CodeForces-208B Solitaire

题目：

Solitaire

    A boy named Vasya wants to play an old Russian solitaire called "Accordion". In this solitaire, the player must observe the following rules:

      1.A deck of n cards is carefully shuffled, then all n cards are put on the table in a line from left to right;

      2.Before each move the table has several piles of cards lying in a line (initially there are n piles, each pile has       one   card). Let's number the piles from left to right, from 1 to x. During one move, a player can take the whole pile   with the   maximum number x (that is the rightmost of remaining) and put it on the top of pile x - 1 (if it exists) or on     the top of pile x - 3 (if it exists). The player can put one pile on top of another one only if the piles' top cards               have the same suits   or values. Please note that if pile x goes on top of pile y, then the top card of pile x becomes     the top card of the resulting pile. Also note that each move decreases the total number of piles by 1;

      3.The solitaire is considered completed if all cards are in the same pile.

    Vasya has already shuffled the cards and put them on the table, help him understand whether completing this solitaire is possible or not.

   

    input：

    The first input line contains a single integer n (1 ≤ n ≤ 52) — the number of cards in Vasya's deck. The next line contains n space-separated strings c1, c2, ..., cn, where string ci describes the i-th card on the table. Each string ci consists of exactly two characters, the first one represents the card's value, the second one represents its suit. Cards on the table are numbered from left to right.

     A card's value is specified by one of these characters: "2", "3", "4", "5", "6", "7", "8", "9", "T", "J", "Q", "K", "A". A card's suit is specified by one of these characters: "S", "D", "H", "C".

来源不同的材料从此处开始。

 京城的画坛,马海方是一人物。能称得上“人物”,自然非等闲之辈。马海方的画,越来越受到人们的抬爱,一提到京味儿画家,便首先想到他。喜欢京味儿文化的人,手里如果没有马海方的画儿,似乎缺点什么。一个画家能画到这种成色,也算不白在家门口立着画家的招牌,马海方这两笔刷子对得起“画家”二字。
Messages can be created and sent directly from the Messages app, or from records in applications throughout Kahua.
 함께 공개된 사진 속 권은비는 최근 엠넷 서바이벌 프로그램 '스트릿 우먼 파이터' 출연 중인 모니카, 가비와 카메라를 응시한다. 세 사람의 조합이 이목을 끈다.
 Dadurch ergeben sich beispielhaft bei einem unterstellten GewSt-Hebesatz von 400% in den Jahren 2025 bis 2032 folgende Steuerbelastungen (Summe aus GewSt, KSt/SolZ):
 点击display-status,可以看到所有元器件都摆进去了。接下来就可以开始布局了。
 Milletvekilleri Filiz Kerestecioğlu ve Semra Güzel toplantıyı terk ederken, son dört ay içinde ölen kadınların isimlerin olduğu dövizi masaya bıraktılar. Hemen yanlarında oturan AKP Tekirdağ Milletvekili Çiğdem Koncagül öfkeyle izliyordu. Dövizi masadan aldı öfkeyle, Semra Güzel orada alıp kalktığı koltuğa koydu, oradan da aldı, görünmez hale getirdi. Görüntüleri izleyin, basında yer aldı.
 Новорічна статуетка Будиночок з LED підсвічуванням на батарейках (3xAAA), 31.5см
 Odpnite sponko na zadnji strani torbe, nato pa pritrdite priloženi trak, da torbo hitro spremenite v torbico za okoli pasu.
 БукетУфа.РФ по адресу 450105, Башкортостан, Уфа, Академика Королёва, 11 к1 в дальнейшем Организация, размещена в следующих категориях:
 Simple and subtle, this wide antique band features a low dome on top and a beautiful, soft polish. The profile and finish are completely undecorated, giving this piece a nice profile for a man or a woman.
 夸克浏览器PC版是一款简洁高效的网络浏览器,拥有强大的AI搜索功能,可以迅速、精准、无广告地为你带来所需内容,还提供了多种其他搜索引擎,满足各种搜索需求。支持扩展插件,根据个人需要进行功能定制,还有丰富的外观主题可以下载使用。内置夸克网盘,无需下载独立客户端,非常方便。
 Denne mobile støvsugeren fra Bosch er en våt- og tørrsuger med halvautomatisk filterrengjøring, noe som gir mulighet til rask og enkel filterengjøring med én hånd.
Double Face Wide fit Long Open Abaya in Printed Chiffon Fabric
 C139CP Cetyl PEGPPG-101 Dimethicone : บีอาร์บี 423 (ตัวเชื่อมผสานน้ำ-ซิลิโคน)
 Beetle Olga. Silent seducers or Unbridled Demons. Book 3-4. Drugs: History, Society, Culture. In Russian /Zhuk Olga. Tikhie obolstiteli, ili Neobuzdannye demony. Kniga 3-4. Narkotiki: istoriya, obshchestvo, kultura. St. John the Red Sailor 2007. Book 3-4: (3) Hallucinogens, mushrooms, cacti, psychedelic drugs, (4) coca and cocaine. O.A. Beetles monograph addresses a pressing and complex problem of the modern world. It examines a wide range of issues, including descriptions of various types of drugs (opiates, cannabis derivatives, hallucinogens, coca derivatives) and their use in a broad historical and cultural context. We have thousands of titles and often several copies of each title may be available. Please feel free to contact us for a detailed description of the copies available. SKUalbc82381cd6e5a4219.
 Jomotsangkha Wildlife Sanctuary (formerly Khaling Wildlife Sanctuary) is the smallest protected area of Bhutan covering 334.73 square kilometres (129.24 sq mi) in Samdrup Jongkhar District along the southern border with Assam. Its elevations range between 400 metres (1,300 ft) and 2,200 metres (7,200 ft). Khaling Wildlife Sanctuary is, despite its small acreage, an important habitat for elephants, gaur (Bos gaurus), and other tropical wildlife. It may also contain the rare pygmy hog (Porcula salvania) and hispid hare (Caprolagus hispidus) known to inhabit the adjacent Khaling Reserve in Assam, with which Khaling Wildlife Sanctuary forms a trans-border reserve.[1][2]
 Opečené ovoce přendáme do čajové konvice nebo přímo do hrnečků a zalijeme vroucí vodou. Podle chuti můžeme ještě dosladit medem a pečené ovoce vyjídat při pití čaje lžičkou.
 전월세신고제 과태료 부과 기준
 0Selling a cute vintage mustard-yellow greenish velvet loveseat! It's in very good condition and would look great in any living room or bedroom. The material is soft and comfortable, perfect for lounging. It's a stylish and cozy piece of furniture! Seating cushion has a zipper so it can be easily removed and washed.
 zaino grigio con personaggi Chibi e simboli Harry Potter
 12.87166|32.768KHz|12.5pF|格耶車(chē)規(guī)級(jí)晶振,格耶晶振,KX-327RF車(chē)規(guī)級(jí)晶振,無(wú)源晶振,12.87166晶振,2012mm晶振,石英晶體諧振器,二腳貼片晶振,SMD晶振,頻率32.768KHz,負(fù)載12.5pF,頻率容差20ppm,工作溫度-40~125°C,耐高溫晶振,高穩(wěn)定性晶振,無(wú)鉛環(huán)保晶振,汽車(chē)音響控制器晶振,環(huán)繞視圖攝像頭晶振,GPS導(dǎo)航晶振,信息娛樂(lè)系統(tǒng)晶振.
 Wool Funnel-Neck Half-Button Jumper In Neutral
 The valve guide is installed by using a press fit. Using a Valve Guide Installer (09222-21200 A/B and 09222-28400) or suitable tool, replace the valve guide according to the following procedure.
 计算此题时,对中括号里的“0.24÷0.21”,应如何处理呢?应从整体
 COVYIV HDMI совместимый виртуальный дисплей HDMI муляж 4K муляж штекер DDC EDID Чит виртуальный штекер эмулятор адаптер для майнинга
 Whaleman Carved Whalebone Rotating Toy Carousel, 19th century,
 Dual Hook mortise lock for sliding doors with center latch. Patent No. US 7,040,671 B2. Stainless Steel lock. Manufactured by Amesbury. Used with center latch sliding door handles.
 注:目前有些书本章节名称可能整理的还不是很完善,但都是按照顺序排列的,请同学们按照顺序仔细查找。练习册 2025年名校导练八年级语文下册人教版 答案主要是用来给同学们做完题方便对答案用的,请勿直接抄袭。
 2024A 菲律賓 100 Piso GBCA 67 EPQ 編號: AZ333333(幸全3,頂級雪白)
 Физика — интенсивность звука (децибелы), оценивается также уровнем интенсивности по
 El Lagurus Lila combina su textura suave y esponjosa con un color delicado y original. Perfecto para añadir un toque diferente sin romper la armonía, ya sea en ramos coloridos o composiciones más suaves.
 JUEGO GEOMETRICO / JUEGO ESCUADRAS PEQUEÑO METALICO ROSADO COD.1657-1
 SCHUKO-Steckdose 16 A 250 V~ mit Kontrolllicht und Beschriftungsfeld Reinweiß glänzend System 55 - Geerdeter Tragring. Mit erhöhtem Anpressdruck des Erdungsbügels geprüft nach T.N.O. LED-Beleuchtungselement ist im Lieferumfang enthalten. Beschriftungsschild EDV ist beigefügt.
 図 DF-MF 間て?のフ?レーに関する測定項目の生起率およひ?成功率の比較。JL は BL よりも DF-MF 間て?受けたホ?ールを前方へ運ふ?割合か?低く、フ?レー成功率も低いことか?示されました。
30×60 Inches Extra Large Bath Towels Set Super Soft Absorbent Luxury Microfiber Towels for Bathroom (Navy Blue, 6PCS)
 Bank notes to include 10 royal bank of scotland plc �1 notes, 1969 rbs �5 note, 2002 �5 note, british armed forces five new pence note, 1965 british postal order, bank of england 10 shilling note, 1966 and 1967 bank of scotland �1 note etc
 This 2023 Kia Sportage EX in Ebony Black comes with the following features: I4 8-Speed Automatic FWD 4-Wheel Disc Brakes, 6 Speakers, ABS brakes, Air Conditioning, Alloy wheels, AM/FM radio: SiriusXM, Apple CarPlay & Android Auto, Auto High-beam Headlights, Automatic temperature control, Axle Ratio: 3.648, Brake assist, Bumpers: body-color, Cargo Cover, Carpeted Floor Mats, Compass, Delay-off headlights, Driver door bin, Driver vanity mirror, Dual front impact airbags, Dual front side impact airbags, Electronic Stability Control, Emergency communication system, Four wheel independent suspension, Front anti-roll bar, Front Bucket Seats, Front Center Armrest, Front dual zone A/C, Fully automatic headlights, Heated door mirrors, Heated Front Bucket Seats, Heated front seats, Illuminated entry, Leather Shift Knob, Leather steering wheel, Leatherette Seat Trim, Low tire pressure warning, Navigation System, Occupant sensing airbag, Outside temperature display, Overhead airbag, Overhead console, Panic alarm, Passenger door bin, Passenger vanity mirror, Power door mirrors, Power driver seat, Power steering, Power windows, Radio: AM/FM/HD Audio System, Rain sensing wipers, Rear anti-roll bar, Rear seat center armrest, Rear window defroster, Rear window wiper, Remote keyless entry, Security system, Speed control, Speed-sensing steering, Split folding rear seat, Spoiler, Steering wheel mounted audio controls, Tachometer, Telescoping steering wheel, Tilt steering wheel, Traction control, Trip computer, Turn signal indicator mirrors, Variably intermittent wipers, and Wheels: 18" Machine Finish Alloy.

     It is not guaranteed that the deck has all possible cards. Also, the cards in Vasya's deck can repeat.

    output：

    On a single line print the answer to the problem: string "YES" (without the quotes) if completing the solitaire is possible, string "NO" (without the quotes) otherwise.

    example：

    

Input

4

2S 2S 2C 2C

Output

YES

Input

2

3S 2C

Output

NO

大意：

      一副牌，有两种操作，一种是将最右边的牌堆移到倒数第四个上面，一种是将最右边的牌堆移到倒数第二个上面，移动的条件是两堆牌最顶上的牌花色或者数字相同，问是否能移成一堆。

思路：

      一开始想用暴力模拟，wa了几次之后发现两种行动不能分先后顺序，之前担心dfs会超时，最后用了发现可以ac。

代码：

#include<iostream>
#include<algorithm>
#include<cstring>
#include<cmath>
#include<cstdio>
#include<map>
#include<queue>
#include<vector>
#include<set>;
using namespace std;

map<string,bool> vis;
string sr[60];
int ok;

void dfs(int n) {
    if(n == 1) {
        ok = 1;
        return;
    }
    if(n >= 2&&(sr[n-1][0]==sr[n][0]||sr[n-1][1]==sr[n][1])) {
        string p1 = "", tmp = sr[n-1];
        sr[n-1] = sr[n];
        for(int i = 1; i < n; i++) p1 += sr[i];
        if(!vis[p1]) {
            vis[p1] = true;
            dfs(n-1);
        }
        if(ok) return;
        sr[n-1] = tmp;
    }
    if(n >= 4&&(sr[n-3][0]==sr[n][0]||sr[n-3][1]==sr[n][1])) {
        string p2 = "", tem = sr[n-3];
        sr[n-3] = sr[n];
        for(int i = 1; i < n; i++) p2 += sr[i];
        if(!vis[p2]) {
            vis[p2] = true;
            dfs(n-1);
        }
        if(ok) return;
        sr[n-3] = tem;
    }
}

int main() {
    int n;
    scanf("%d",&n);
    for(int i = 1; i <= n; i++) cin >> sr[i];
    ok = 0;
    dfs(n);
    if(ok) printf("YES");
    else printf("NO");
    return 0;
}